My earliest introduction to Apache Hadoop, several years ago, was using Hadoop with one of the popular NoSQL databases to build data acquisition pipelines for a semantic search engine for a potential customer. Originally, I had used classic ETL and database tools but the resulting data acquisition, cleansing, and entity extraction pipeline took days to run over a workload of several million medium / large XML documents. Like many others adopting NoSQL, we could have scaled up our relational approach with expensive server and software purchases, but the budget constraints meant that we had to look at other alternatives.
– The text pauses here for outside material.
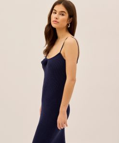 A timeless silhouette with a playful twist, the Betty Dress is all about understated sophistication with a feminine edge. Crafted from a lightweight crepe ribbed knit, this midi dress is fitted throughout for a flattering, sculpted look. Spaghetti straps keep things sleek, while fixed knitted rose brooches along the neckline add a romantic touch. The frilled hem brings soft movement, making it a standout choice for both day and night.

I started to experiment with using a mix of Hadoop components, open source ETL tools, XSLT (as the source data was archives of XML documents), and NoSQL technologies along with custom Java components to perform entity detection and custom plugins for the particular ETL software. The resulting prototype solution performed the same corpus preparation in hours even on a small proof-of-concept cluster.
For many approaching Hadoop solutions for the first time, the natural tendency is to view Hadoop from the perspective of just one facet of existing technologies such as databases, machine-learning, cloud computing, distributed storage, or distributed computing. While this can be very useful as a learning tool, it can lead to some misconceptions about the Hadoop components and ecosystem or applicable use cases.